According to the 2011 Demographic and Health Survey (DHS) report by Central Statistics Authority (CSA) of Ethiopia, a national survey involving a representative sample from the age group 15–49 year old, 45 % of women and 53 % of men reported a history of alcohol consumption in their life time, 48 % of women and 53 % men of ever drinkers reported consumption of alcohol six or more days in the past month. Consumption rate was higher in urban areas, and the rates increased with age for both men and women [8].

Homemade alcoholic beverages include tella (local beer with alcohol content 2-4 %), tej (honey wine with alcohol content 7-11 %) and araqe (strong distilled liquor with alcohol content up to 45 %) [9], these beverages are consumed at home or in small traditional bars, ‘tella bet’ and ‘araqe bet’ meaning tella house and araqe house, where rural farmers and people in the lower socioeconomic status go to satisfy their needs. Most people consume these alcoholic beverages during traditional ceremonies, holidays or while taking respite from farm activities, but it is also common to consume these beverages during market days. Farmers who go to the market to sell their goods will normally end up drinking in the small bars which sell alcoholic beverages [9].
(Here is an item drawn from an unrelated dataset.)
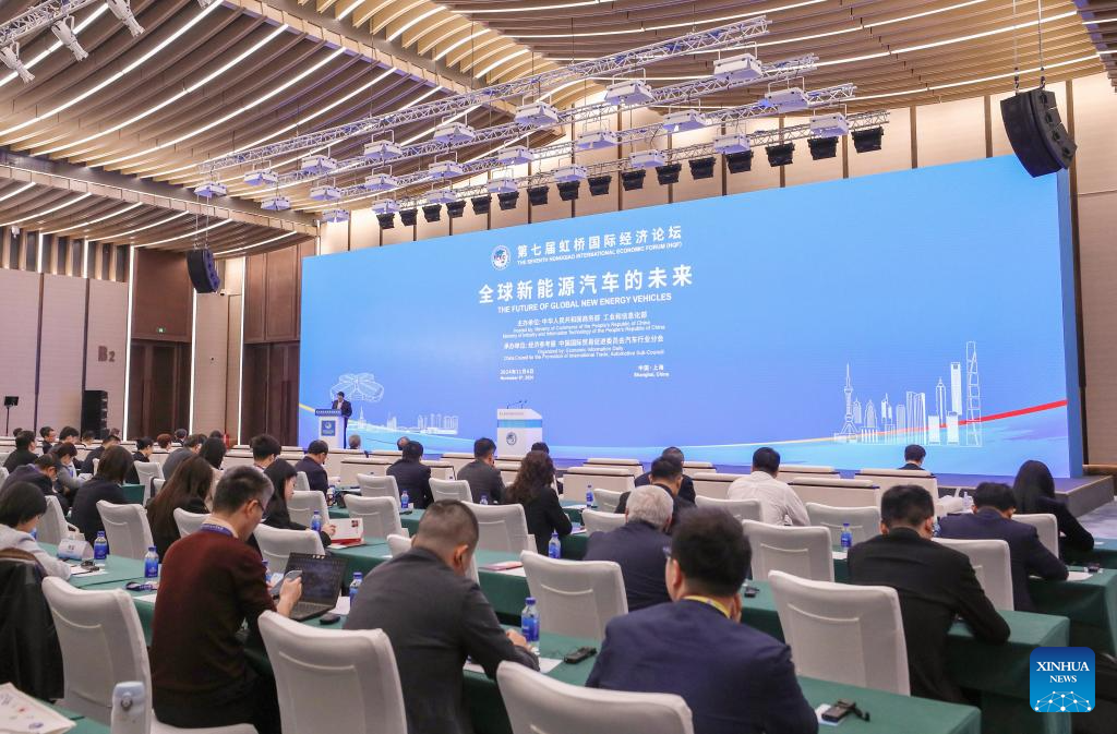 A sub-forum titled "The Future of Global New Energy Vehicles" is held during the 7th Hongqiao International Economic Forum in Shanghai, east China, Nov. 6, 2024. (Xinhua/Du Xiaoyi)

Prevalence Studies done in different parts of Ethiopia using the four-item “CAGE” screening questionnaire [10] have shown that hazardous alcohol drinking was 3.7 % and 2.7 % in rural and urban areas respectively [11, 12]. In another study carried out in a semi-nomadic population in Southern Ethiopia using a structured diagnostic interview, the Composite International Diagnostic Interview (CIDI), the prevalence rate of alcohol dependence was 1.6 %, more in men than women, 3.7 % and 0.1 % respectively [13]. Alcohol consumption has also been found to be associated with risky sexual behaviors and injuries in the Ethiopian context. For instance, a large study done in Addis Ababa involving in-school and out-of-school youth found significantly increased risky sexual behavior in youth who consumed alcohol and khat, an amphetamine-like stimulant [14].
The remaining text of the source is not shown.